Elle parlait toute seule, en tous lieux. Ou elle parlait à quelqu’un peut-être, au premier passant venu. Elle ne demandait rien, elle voulait seulement parler, parler, parler, parler et qu’on lui réponde ou non n’avait aucune d’importance. Elle n’écoutait plus. Elle regardait seulement, elle regardait si on l’écoutait d’un bref coup d’œil. Parler, être présente, exister, c’était tout ce qui lui importait. Sans travail, elle l’avait perdu, sans argent ou si peu, juste pour survivre, elle n’avait plus qu’un seul bien, ses paroles, ses discours qui devenaient de plus en plus délirants.

Madame D. est morte. La rue retrouvera son calme bourgeois. On n’y entendra plus sa voix. Madame D. s’est allongée sur son lit, samedi ou dimanche, se sentant sans doute fatiguée. Elle s’est allongée pour faire un somme et s’est endormie pour de bon. Térésa, la gardienne, était en vacances. Quand elle est rentrée, elle n’a pas vu Madame D.. Sans doute était-elle fatiguée car elle ne descendait pas toujours. Térésa s’est inquiétée le lendemain. Elle a sonné à sa porte. Personne n’a répondu. Elle a pensé qu’elle avait peut-être été conduite à l’hôpital. Et elle est redescendue dans sa loge. Deux journées se sont écoulées. Elle est retournée sonner à la porte de Madame D., sans plus de résultat. Alors elle a téléphoné à son médecin dont elle avait le numéro, pour le cas où… Le médecin lui a dit que Madame D. n’était pas hospitalisée. Térésa a pris la clef de Madame D., elle a sonné, plusieurs fois, sans réponse, et elle s’est décidée à ouvrir la porte. Madame D. était allongée sur son lit, sans vie.
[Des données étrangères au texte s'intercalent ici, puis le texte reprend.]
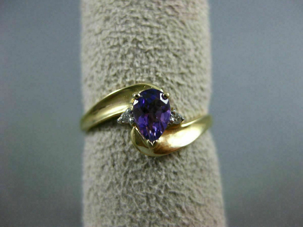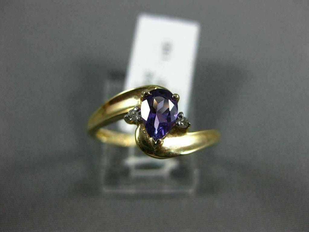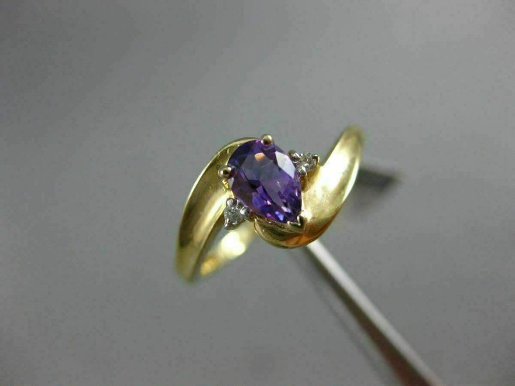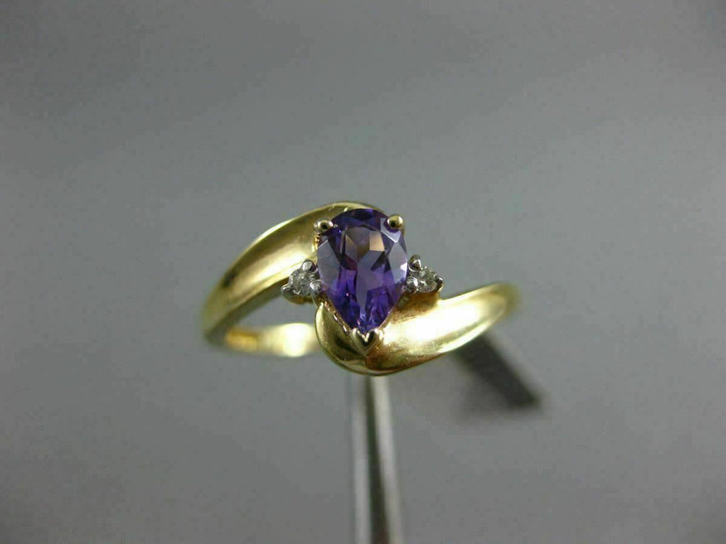0.52CT DIAMOND & AAA PEAR SHAPE AMETHYST 14KT YELLOW GOLD 3D 3 STONE PROMISE RING
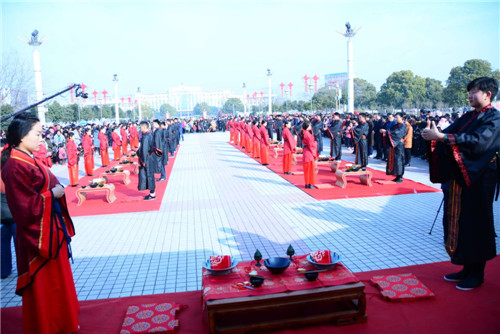 記者在現(xiàn)場(chǎng)看到,16對(duì)新人在司儀的引導(dǎo)下,采用中國古典婚禮儀式,有牽紅線、結(jié)發(fā)、拜天地等程序,儀式簡(jiǎn)單而隆重,新人家屬、1000多名市民圍觀見證了新人喜結(jié)連理。
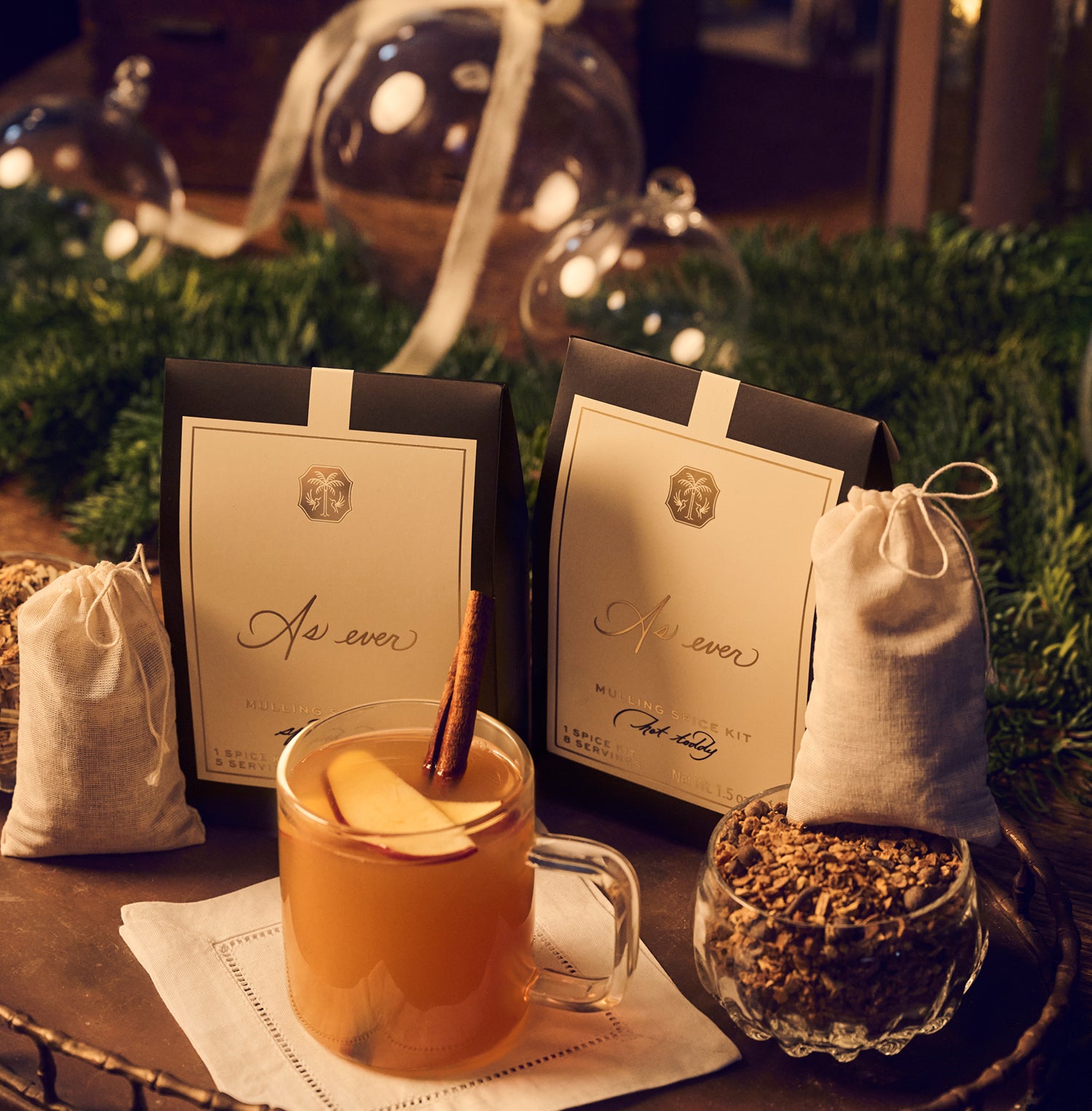 A warm, vibrant blend of cinnamon, citrus peel, ginger root, clove, allspice, and nutmeg, to be shared in good company. A holiday entertaining essential for cozy moments and celebratory occasions alike, the As ever Spiced Cider Mulling Spice Kit has a sweet, warm scent that welcomes guests into the heart of the home—the kitchen, of course—and invites them to stay awhile. While our founder’s favorite way to enjoy this seasonal delight is to pour the entire packet into a large pot of apple cider and leave it bubbling away on the stove to share with friends and family, it’s also a perfect blend to elevate a simple mug of apple cider into a single serving of something special.
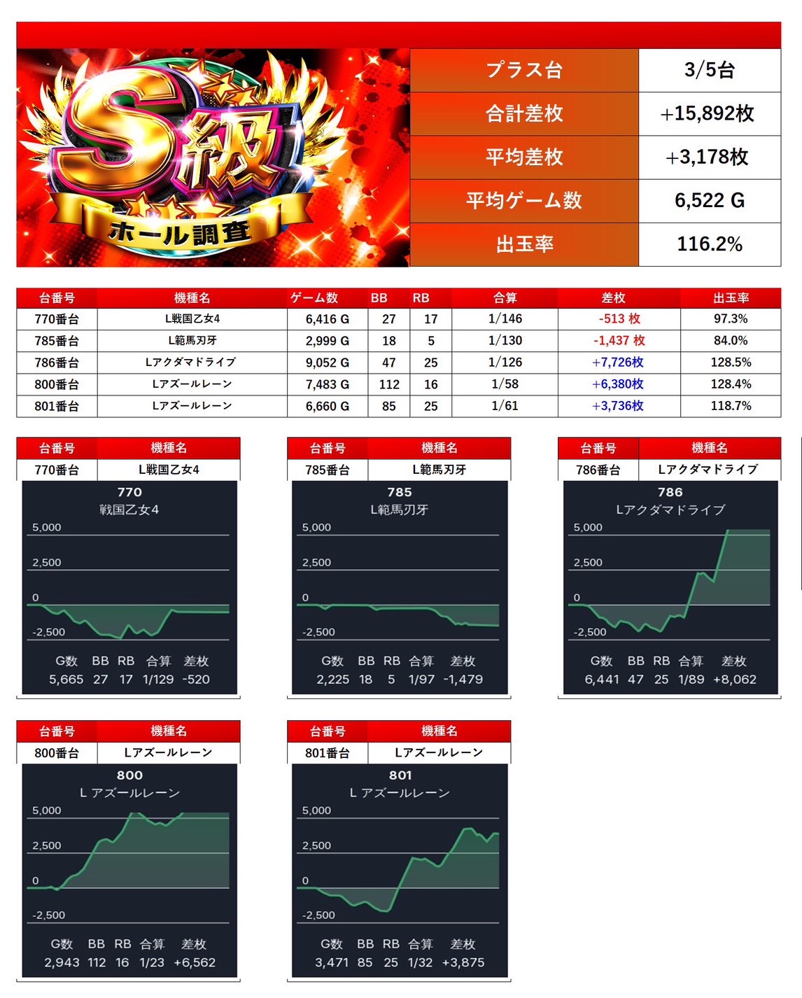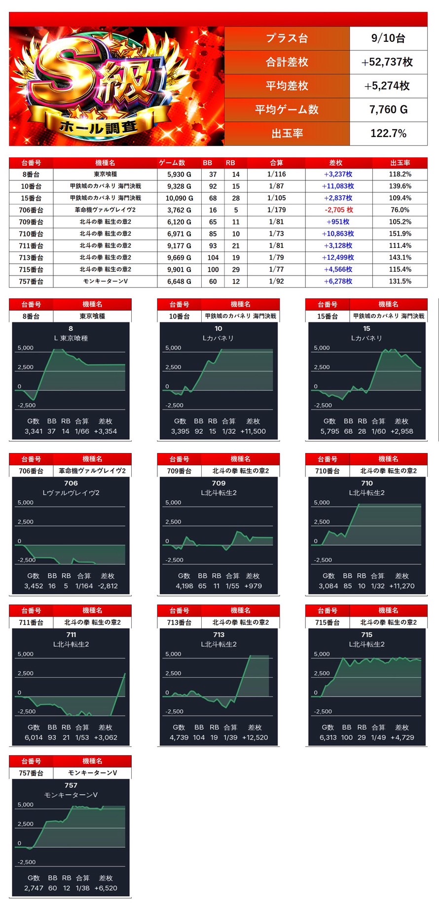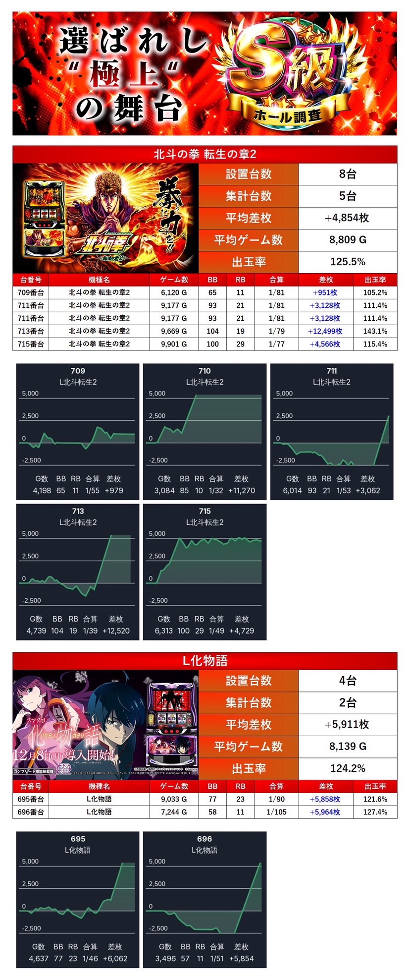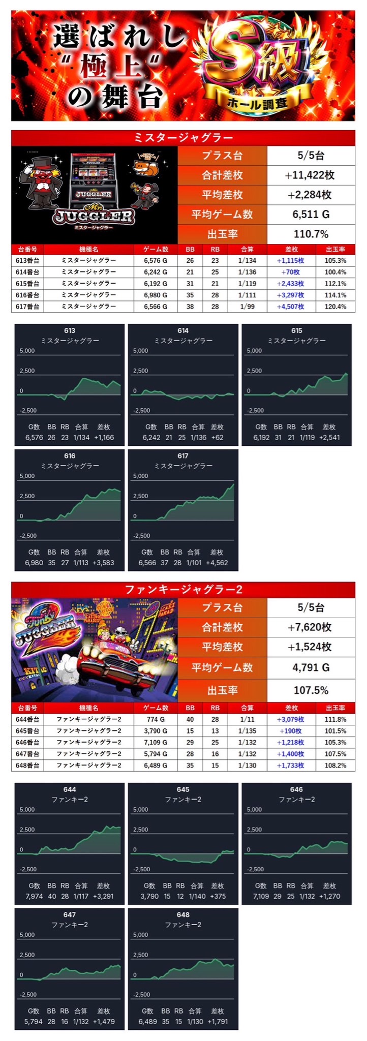 今回のS級調査‐赤‐ではpick up率は11.0%となっていた。総差枚+66,738枚/平均+294枚と圧巻の出玉でベースの高さが感じられる結果となった。仕掛けの投入量こそ多くはないものの、ピックアップ箇所の出率・質が非常に高く、しっかりと結果に繋がっていた印象。特にメインやニブイチの出玉力は圧巻で、狙い所を見極められれば大きなリターンが期待できる環境となっていた。仕掛けが抜群の反応を見せ一撃性だけでなく、計測的に好挙動の台が多数見られた。全体差枚もプラス着地と文句のない内容で、安定感と出玉力のバランスが非常に良好。対象になった機種も人気機種からノーマル機までバランスの取れた構成で派手さと安定感を兼ね備えた内容だった。今回も納得の三つ星評価で3連続達成となった。次回も期待している。
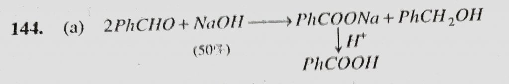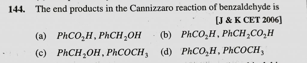 The end products in the Cannizzaro reaction of benzaldehyde is (a) PhCO2H, PhCH2OH (b) PhCO2H, PhCH2CO2H (c) PhCH2OH, PhCOCH3 (d) PhCO2H, PhCOCH3 PhCH2CO2H (c) PhCH2OH PhCH2OH (b) PhCO2H PhCOCH3 PhCOCH3 (d) PhCO2H The end products in the Cannizzaro reaction of benzaldehyde is (a) PhCO2H February 12, 2021 Category: Uncategorised (JEE Advanced Physics by BM Sharma + GMP Solutions) , Facebook Messenger WhatsApp Share this:TwitterFacebook Related

Les voisins l’aimaient bien, cette Madame D.. Certes, elle pleurait, certes elle délirait et on l’écoutait du bout de l’oreille, on lui répondait des politesses, on acquiesçait par un signe de la tête. Elle n’écoutait plus. Lui parler, pourquoi faire ? Elle n’entendait plus. La chape de la chimie lui recouvrait la cervelle et lui brûlait les sens.

Madame D., présente partout dans l’immeuble, présente partout dans la rue, était comme un lien entre tous. Qui n’avait pas entendu son flot ininterrompu de paroles ? Qui ne l’avait pas entendue se plaindre mais encore qui n’avait pas entendu de sa part une parole gentille ?

Madame D. est morte. Mais le lien qu’elle a tissé entre tous n’est pas près de se rompre.